With a great deal of questioning, given the limitations of the Oraial language to express complex ideas, Pip managed to establish that Hunagu meant the same shadow-creature which had flown over their cage in Sylakia–the creature which had inhabited her dreams ever since. It had left again, but the way he described it left no doubt–it was the strange oily shadow which seemed to move through things but still had a substance of its own. There was an overwhelming perception of evil’s presence and the impression that it had wings like a Dragon.

Nausea churned in her stomach, as though a Dragon’s claw were slowly winding her intestines tighter and tighter. The hunting beast was surely nothing to do with her … was it? Whatever it was, she had to hurry back to the school and warn Master Kassik.

Hunagu kept asking, “Pip safe? Pip no trouble?”

“Pip safe,” she said. “Pip worry for school friends. Pip warn Dragons.”

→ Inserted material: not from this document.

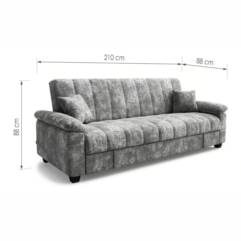 Imagine a sleek and inviting sofa, perfectly balanced in its proportions. With a width of 210 cm, it offers ample space for lounging or hosting guests comfortably. Its depth of 88 cm ensures a cosy yet spacious seating experience, allowing you to sink in just enough for relaxation without feeling cramped. Standing at a height of 88 cm, it strikes a harmonious balance between support and comfort, making it suitable for various interior settings, from modern living rooms to cosy dens.

“Good-good,” agreed the Oraial, wringing his huge hands. “Pip safe? Pip good-good? Pip careful?”

She punched his arm. “Hunagu careful? Hunagu safe?”

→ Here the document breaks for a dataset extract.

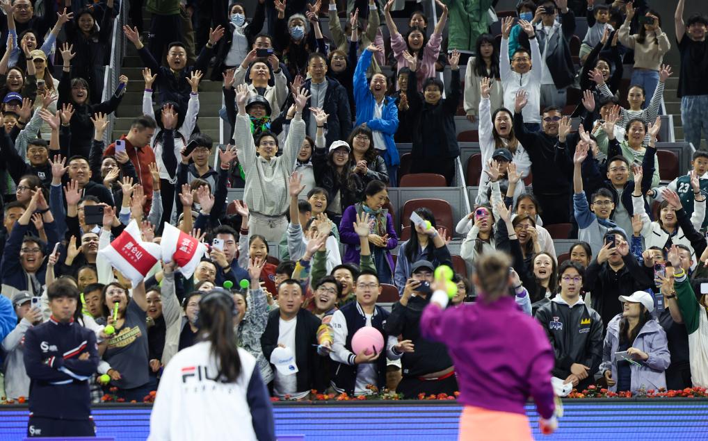 這是2024年9月30日,鄭欽文在2024中國網球公開賽女單第三輪比賽后和觀眾互動。新華社記者 白雪飛 攝

“Hunagu jungle king.” The Ape thumped his chest, but Pip felt it boomed a little hollowly.

Her abortive escape was over. Pip silently lamented the concern that would drive her back up the mountain to warn her friends. She could no more leave them vulnerable than she would choose to dine with a python. But Emblazon’s fury would be immeasurable if he learned she’d sneaked past him. Could she burgle the school a third time?

The Pygmy thief, she should be called.

By the early hours, as the moons drifted behind the volcanic cone, leaving her only the star-frosted sky for company, Pip was high up the mountainside once more. She had successfully evaded Emblazon’s notice. An easier route had allowed her to scramble upward quickly, avoiding some of the overhangs which had challenged her and torn off a fingernail before. She sucked that finger pensively. Blazing Dragon-fires, it hurt.

The night was cool and hushed. Even the wind, which usually sighed and sang over the volcanic peaks above the school, seemed cowed.

Why?

The barren volcanic cliff held cracks and places where a Pygmy could conceal herself. Her heart pumped furiously. She sensed … Pip raced lightly up the steep slope, angling for a patch of boulders silhouetted against the milky background of stars.